(Recorded data)
——————
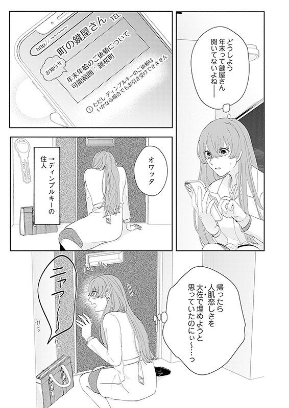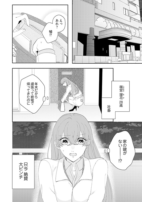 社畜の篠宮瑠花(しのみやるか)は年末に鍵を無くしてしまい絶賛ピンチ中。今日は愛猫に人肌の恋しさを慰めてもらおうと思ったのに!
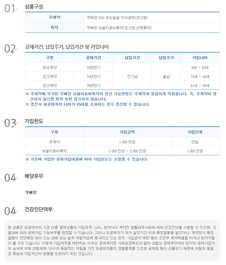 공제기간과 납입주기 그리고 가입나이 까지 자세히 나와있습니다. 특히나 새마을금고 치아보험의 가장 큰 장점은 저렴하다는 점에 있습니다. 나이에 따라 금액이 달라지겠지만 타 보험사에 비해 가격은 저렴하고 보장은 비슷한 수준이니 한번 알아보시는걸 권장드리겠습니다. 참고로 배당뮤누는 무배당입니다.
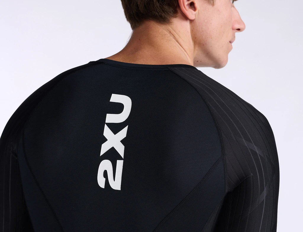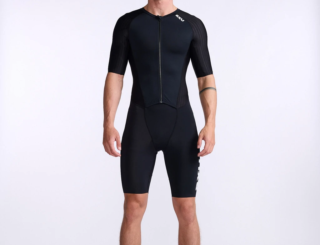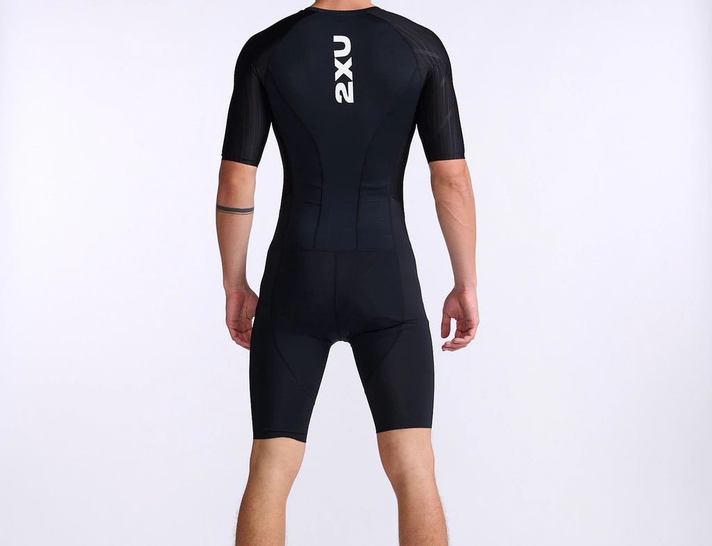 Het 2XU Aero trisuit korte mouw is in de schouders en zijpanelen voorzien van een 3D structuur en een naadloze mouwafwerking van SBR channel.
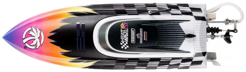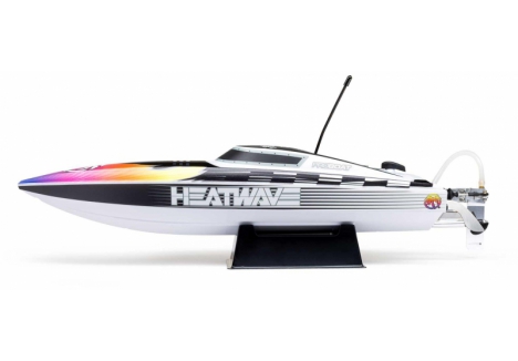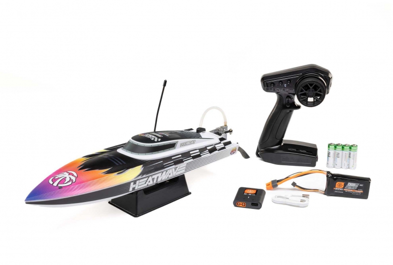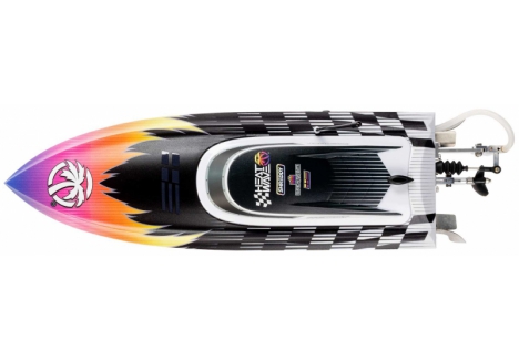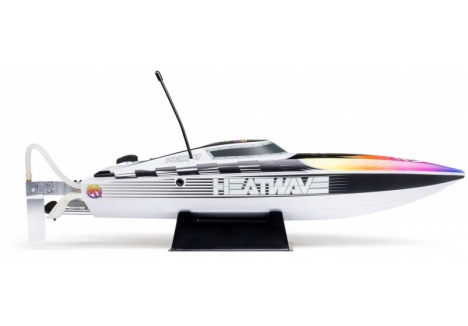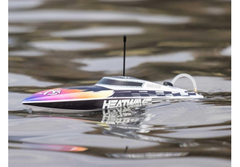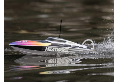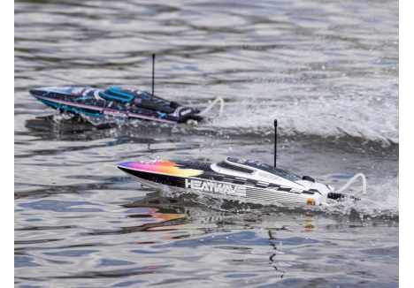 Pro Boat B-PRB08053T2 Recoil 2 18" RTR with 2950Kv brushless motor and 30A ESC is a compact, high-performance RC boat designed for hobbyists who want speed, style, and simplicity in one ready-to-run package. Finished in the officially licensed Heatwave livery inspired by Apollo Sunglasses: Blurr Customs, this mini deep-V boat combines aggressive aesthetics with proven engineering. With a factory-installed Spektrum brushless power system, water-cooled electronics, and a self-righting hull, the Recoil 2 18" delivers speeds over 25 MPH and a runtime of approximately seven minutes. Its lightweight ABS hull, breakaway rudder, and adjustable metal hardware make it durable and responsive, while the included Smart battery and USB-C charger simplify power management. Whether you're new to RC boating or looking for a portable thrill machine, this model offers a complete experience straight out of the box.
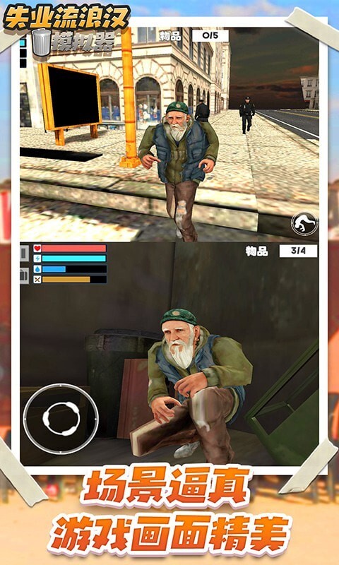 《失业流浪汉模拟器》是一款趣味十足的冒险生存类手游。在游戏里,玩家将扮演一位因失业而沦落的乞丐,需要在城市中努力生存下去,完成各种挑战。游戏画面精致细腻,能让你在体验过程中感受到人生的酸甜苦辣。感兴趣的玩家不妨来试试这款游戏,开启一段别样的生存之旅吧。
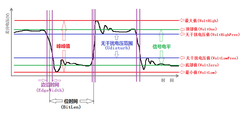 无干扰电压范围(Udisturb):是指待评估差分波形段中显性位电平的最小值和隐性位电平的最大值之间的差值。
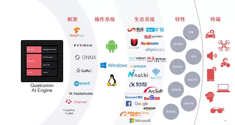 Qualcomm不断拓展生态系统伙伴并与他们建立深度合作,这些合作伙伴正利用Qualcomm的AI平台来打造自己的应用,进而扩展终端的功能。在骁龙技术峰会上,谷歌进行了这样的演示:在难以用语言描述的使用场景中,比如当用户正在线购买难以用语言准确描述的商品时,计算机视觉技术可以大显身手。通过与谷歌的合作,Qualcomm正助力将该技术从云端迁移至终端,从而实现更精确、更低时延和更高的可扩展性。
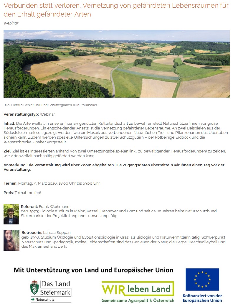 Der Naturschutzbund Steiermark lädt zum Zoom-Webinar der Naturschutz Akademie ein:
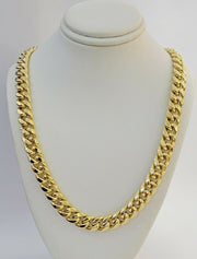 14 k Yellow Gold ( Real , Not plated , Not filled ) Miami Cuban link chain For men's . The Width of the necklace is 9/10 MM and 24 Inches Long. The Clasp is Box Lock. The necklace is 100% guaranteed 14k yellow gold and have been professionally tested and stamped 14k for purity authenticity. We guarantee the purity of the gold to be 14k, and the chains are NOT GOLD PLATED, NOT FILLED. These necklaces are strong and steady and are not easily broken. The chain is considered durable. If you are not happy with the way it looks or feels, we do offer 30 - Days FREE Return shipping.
——————
→ **Exercise prompt**: May I have only the lines from the start of the data through the line containing "Der Naturschutzbund Steiermark", both included, reproduced exactly and without the pictures?

→ **Answer for the task**:
 社畜の篠宮瑠花(しのみやるか)は年末に鍵を無くしてしまい絶賛ピンチ中。今日は愛猫に人肌の恋しさを慰めてもらおうと思ったのに!
 공제기간과 납입주기 그리고 가입나이 까지 자세히 나와있습니다. 특히나 새마을금고 치아보험의 가장 큰 장점은 저렴하다는 점에 있습니다. 나이에 따라 금액이 달라지겠지만 타 보험사에 비해 가격은 저렴하고 보장은 비슷한 수준이니 한번 알아보시는걸 권장드리겠습니다. 참고로 배당뮤누는 무배당입니다.
 Het 2XU Aero trisuit korte mouw is in de schouders en zijpanelen voorzien van een 3D structuur en een naadloze mouwafwerking van SBR channel.
 Pro Boat B-PRB08053T2 Recoil 2 18" RTR with 2950Kv brushless motor and 30A ESC is a compact, high-performance RC boat designed for hobbyists who want speed, style, and simplicity in one ready-to-run package. Finished in the officially licensed Heatwave livery inspired by Apollo Sunglasses: Blurr Customs, this mini deep-V boat combines aggressive aesthetics with proven engineering. With a factory-installed Spektrum brushless power system, water-cooled electronics, and a self-righting hull, the Recoil 2 18" delivers speeds over 25 MPH and a runtime of approximately seven minutes. Its lightweight ABS hull, breakaway rudder, and adjustable metal hardware make it durable and responsive, while the included Smart battery and USB-C charger simplify power management. Whether you're new to RC boating or looking for a portable thrill machine, this model offers a complete experience straight out of the box.
 《失业流浪汉模拟器》是一款趣味十足的冒险生存类手游。在游戏里,玩家将扮演一位因失业而沦落的乞丐,需要在城市中努力生存下去,完成各种挑战。游戏画面精致细腻,能让你在体验过程中感受到人生的酸甜苦辣。感兴趣的玩家不妨来试试这款游戏,开启一段别样的生存之旅吧。
 无干扰电压范围(Udisturb):是指待评估差分波形段中显性位电平的最小值和隐性位电平的最大值之间的差值。
 Qualcomm不断拓展生态系统伙伴并与他们建立深度合作,这些合作伙伴正利用Qualcomm的AI平台来打造自己的应用,进而扩展终端的功能。在骁龙技术峰会上,谷歌进行了这样的演示:在难以用语言描述的使用场景中,比如当用户正在线购买难以用语言准确描述的商品时,计算机视觉技术可以大显身手。通过与谷歌的合作,Qualcomm正助力将该技术从云端迁移至终端,从而实现更精确、更低时延和更高的可扩展性。
 Der Naturschutzbund Steiermark lädt zum Zoom-Webinar der Naturschutz Akademie ein:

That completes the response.